Work task: Please restate word for word the lines from the top of the entries through the line that contains "気持ちの良い天気の中、年少組", and do not include any pictures.

-------- Dataset

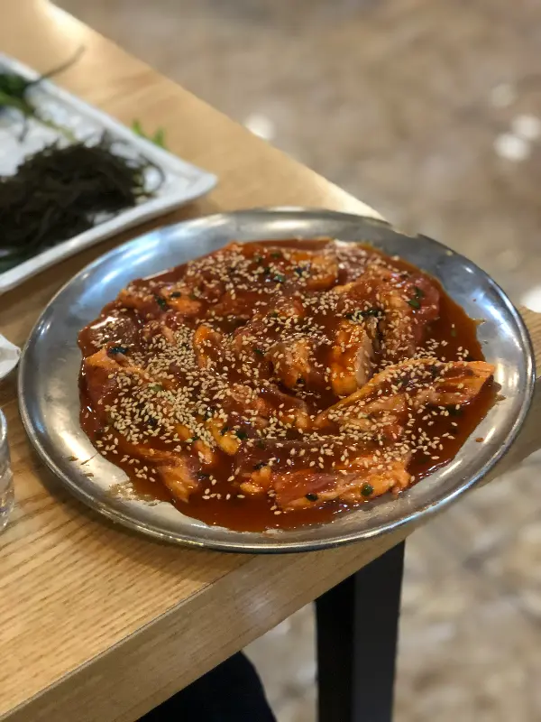 잘 익은 흑돼지 한 점을 멜젓에 푹 찍어 입안에 넣으니, 입 안 가득 퍼지는 육즙과 쫄깃한 식감이 환상적입니다. 멜젓 특유의 짭짤하면서도 깊은 맛은 흑돼지의 풍미를 더욱 끌어올려 줍니다. 깻잎에 싸서 먹어도, 쌈무와 함께 먹어도 꿀맛입니다.
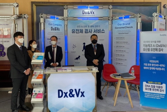 디엑스앤브이엑스는 서대문구 스위스 그랜드 호텔에서 열린 제13차 (직선제)대한산부인과의사회 춘계학술대회에서 산전산후 및 생애전주기 유전체 분석 서비스 '지놈체크'를 소개했다. © 디엑스앤브이엑스
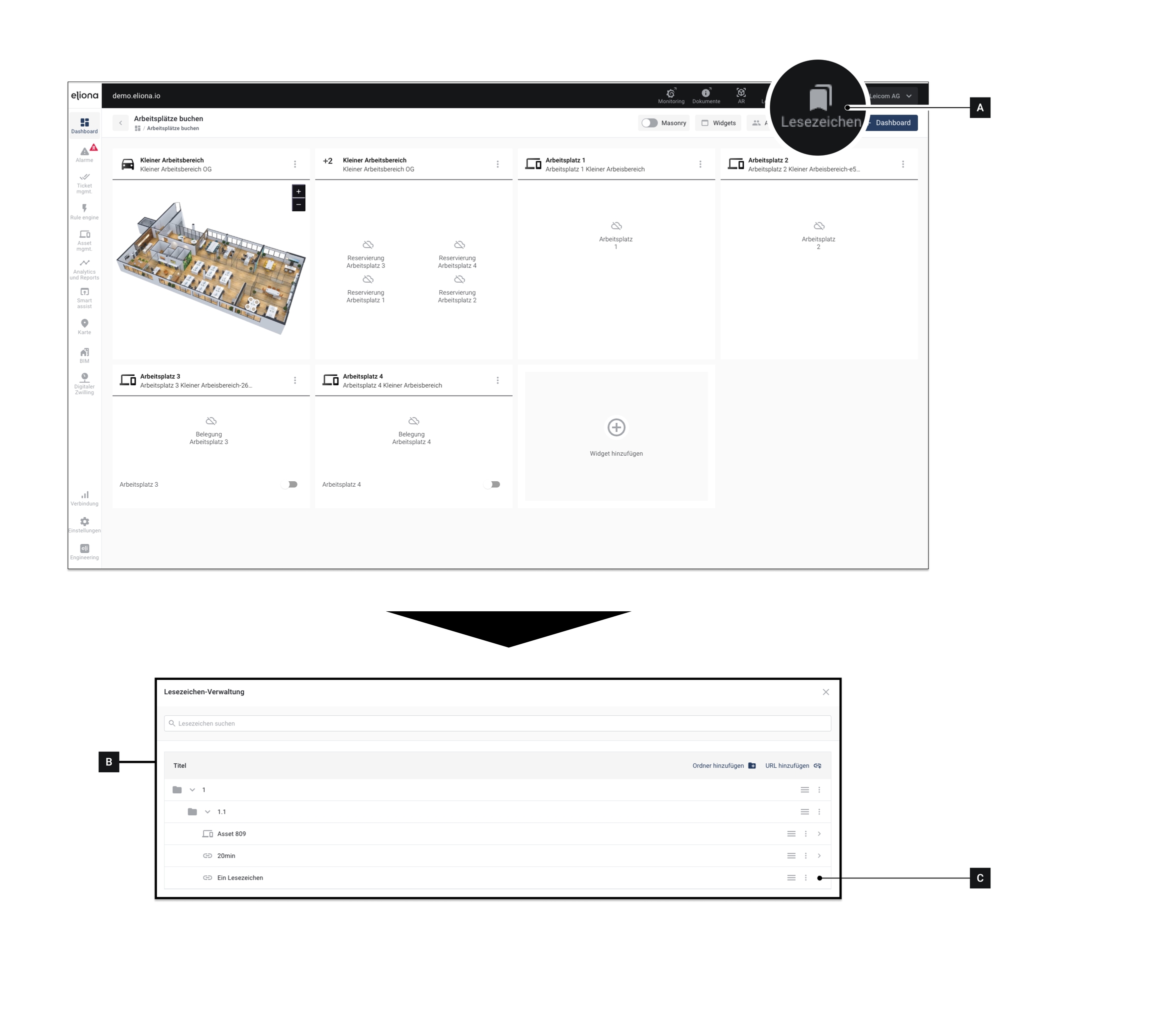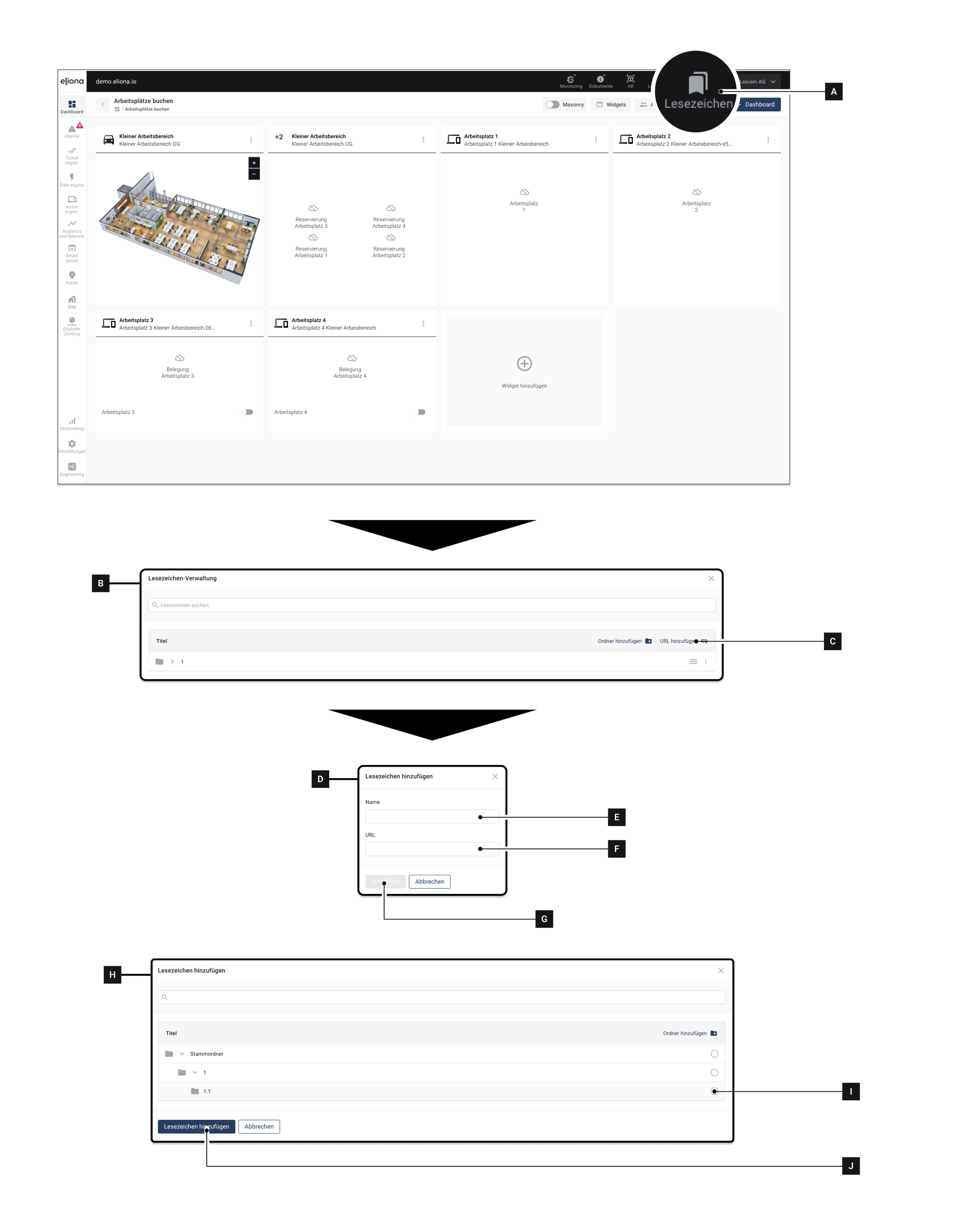 Mit der Funktion "Lesezeichen" können Sie Links zu externen Ressourcen, aber auch zu Elementen innerhalb von Eliona verlinken.
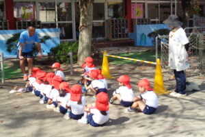 気持ちの良い天気の中、年少組さんが体操の活動をしました。鉄棒で前回りおりの練習をしました。「怖い」と言うお友達もいましたが、頑張って練習しました。鉄棒の後は、ジグザグで走ったり、ウ…
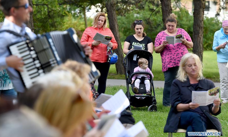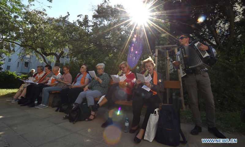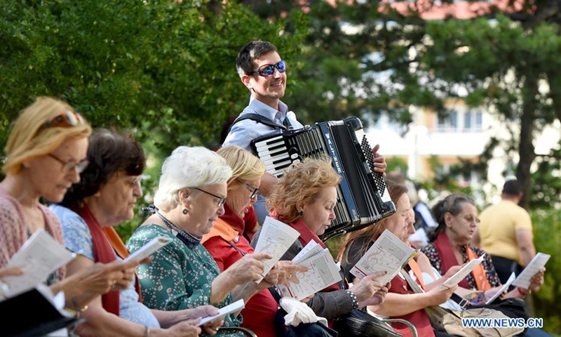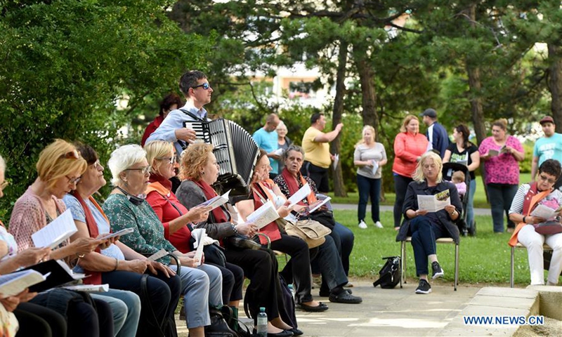 Local residents gather as members of the 1st Viennese Community Choir sing for residents at a community in Vienna, Austria, on June 22, 2020. Members of the 1st Viennese Community Choir gave a performance at a community in Vienna on Monday, the first time since the lifting of COVID-19 restrictions. The choir, founded in 2008, is composed of ordinary residents. (Xinhua/Guo Chen)

----------------

Answer space:
 잘 익은 흑돼지 한 점을 멜젓에 푹 찍어 입안에 넣으니, 입 안 가득 퍼지는 육즙과 쫄깃한 식감이 환상적입니다. 멜젓 특유의 짭짤하면서도 깊은 맛은 흑돼지의 풍미를 더욱 끌어올려 줍니다. 깻잎에 싸서 먹어도, 쌈무와 함께 먹어도 꿀맛입니다.
 디엑스앤브이엑스는 서대문구 스위스 그랜드 호텔에서 열린 제13차 (직선제)대한산부인과의사회 춘계학술대회에서 산전산후 및 생애전주기 유전체 분석 서비스 '지놈체크'를 소개했다. © 디엑스앤브이엑스
 Mit der Funktion "Lesezeichen" können Sie Links zu externen Ressourcen, aber auch zu Elementen innerhalb von Eliona verlinken.
 気持ちの良い天気の中、年少組さんが体操の活動をしました。鉄棒で前回りおりの練習をしました。「怖い」と言うお友達もいましたが、頑張って練習しました。鉄棒の後は、ジグザグで走ったり、ウ…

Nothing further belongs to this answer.